PL SQL stands for Procedural language constructs for Structured Query Language. PL SQL was introduced by Oracle to overcome the limitations of plain sql. So, pl sql adds in procedural language approach to the plain vanilla sql.

While, with the help of sql, we were able to DDL and DML queries, with the help of PL SQL, we will be able to create functions, triggers and other procedural constructs.

25. What is ETL in SQL?

ETL stands for Extract, Transform and Load. It is a three step process, where we would have to start off by extracting the data from sources. Once we collate the data from different sources, what we have is raw data. This raw data has to be transformed into tidy format, which will come in the second phase. Finally, we would have to load this tidy data into tools which would help us to find insights.

26. What is OLAP?

OLAP stands for Online Analytical Processing. And a class of software programs which are characterized by relatively low frequency of online transactions. Queries are often too complex and involve a bunch of aggregations.

27. What is a “TRIGGER” in SQL?

  • A trigger allows you to execute a batch of SQL code when an insert, update or delete command is run against a specific table as TRIGGER is said to be the set of actions that are performed whenever commands like insert, update or delete are given through queries.
  • The trigger is said to be activated when these commands are given to the system.
  • Triggers are the particular type of stored procedures that are defined to execute automatically in place or after data modifications.
  • Triggers are generated using CREATE TRIGGER statement.

28. What is ACID property in a database?

ACID property is used to ensure that the data transactions are processed reliably in a database system.

A single logical operation of a data is called transaction.

ACID is an acronym for Atomicity, Consistency, Isolation, Durability.

Atomicity: it requires that each transaction is all or nothing. It means if one part of the transaction fails, the entire transaction fails and the database state is left unchanged.

Consistency: the consistency property ensure that the data must meet all validation rules. In simple words you can say that your transaction never leaves your database without completing its state.

Isolation: this property ensure that the concurrent property of execution should not be met. The main goal of providing isolation is concurrency control.

Durability: durability simply means that once a transaction has been committed, it will remain so, come what may even power loss, crashes or errors.

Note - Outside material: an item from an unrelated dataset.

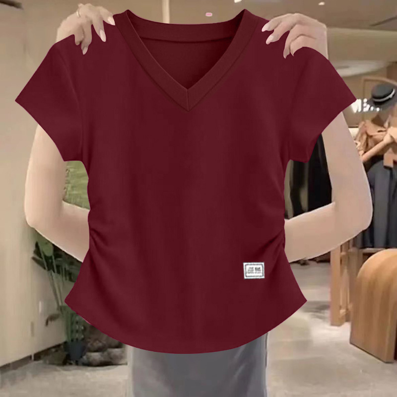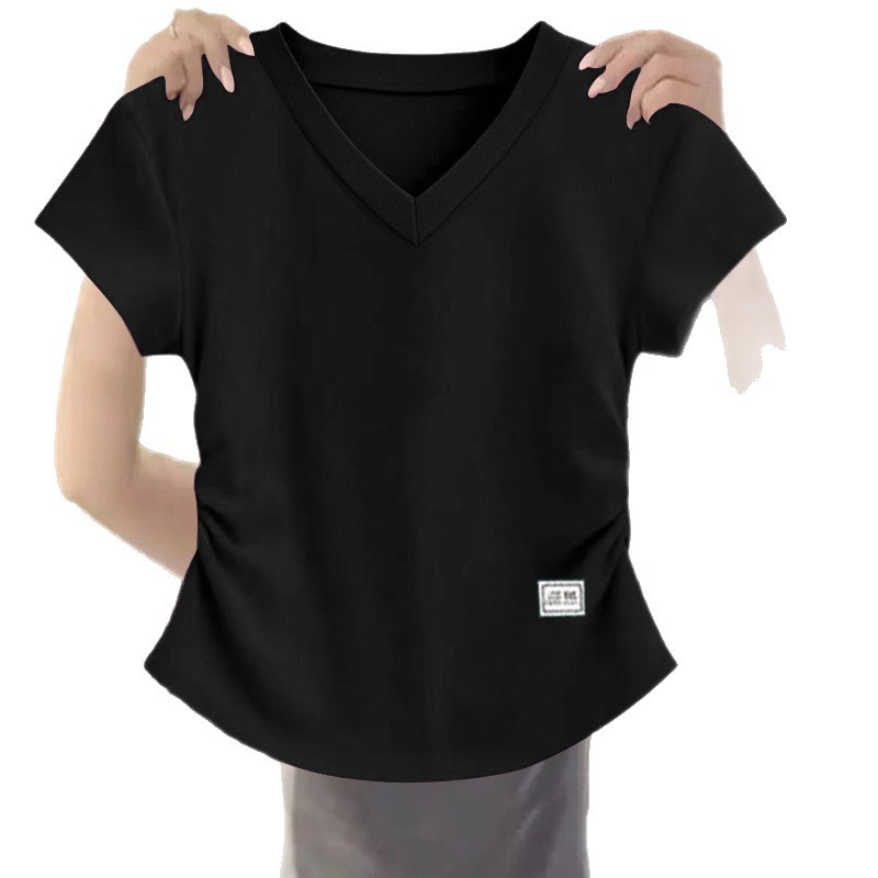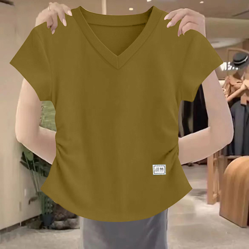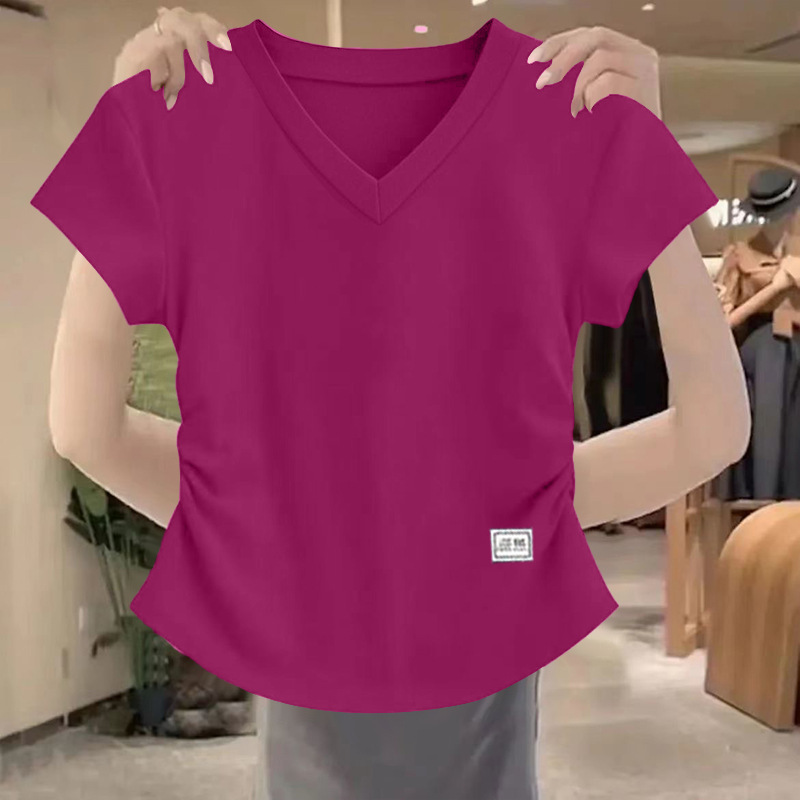 2025 새로운 패션 주름 v 넥 반팔 티셔츠 여성 플러스 사이즈 여름 착용 단순 루즈 다용도 디자인 탑

29. What are the syntax and use of the COALESCE function?

The syntax of COALESCE function:

COALESCE(exp1, exp2, …. expn) 

The COALESCE function is used to return the first non-null expression given in the parameter list.

30. What is the SQL query to display the current date?

There is a built-in function in SQL called GetDate() which is used to return the current timestamp.

31. Are NULL values same as that of zero or a blank space?

A NULL value is not at all same as that of zero or a blank space. NULL value represents a value which is unavailable, unknown, assigned or not applicable whereas a zero is a number and blank space is a character.

32. What is subquery in SQL?

A subquery is a query inside another query where a query is defined to retrieve data or information back from the database. In a subquery, the outer query is called as the main query whereas the inner query is called subquery. Subqueries are always executed first and the result of the subquery is passed on to the main query. It can be nested inside a SELECT, UPDATE or any other query. A subquery can also use any comparison operators such as >,< or =.

33. What is the difference between ‘HAVING’ CLAUSE and a ‘WHERE’ CLAUSE?

HAVING clause can be used only with SELECT statement. It is usually used in a GROUP BY clause and whenever GROUP BY is not used, HAVING behaves like a WHERE clause.
Having Clause is only used with the GROUP BY function in a query whereas WHERE Clause is applied to each row before they are a part of the GROUP BY function in a query.

34. How can you fetch first 5 characters of the string?

There are a lot of ways to fetch characters from a string. For example:

Select SUBSTRING(StudentName,1,5) as studentname from student.

35. What is a View?

A view is a virtual table which consists of a subset of data contained in a table. Since views are not present, it takes less space to store. View can have data of one or more tables combined and it depends on the relationship.

36. What are Views used for?

A view refers to a logical snapshot based on a table or another view. It is used for the following reasons:

  • Restricting access to data.
  • Making complex queries simple.
  • Ensuring data independence.
  • Providing different views of same data.

37. What is a Stored Procedure?

A Stored Procedure is a function which consists of many SQL statements to access the database system. Several SQL statements are consolidated into a stored procedure and execute them whenever and wherever required which saves time and avoid writing code again and again.

38. List some advantages and disadvantages of Stored Procedure?

Advantages:

A Stored Procedure can be used as a modular programming which means create once, store and call for several times whenever it is required. This supports faster execution. It also reduces network traffic and provides better security to the data.

Disadvantage:

The only disadvantage of Stored Procedure is that it can be executed only in the database and utilizes more memory in the database server.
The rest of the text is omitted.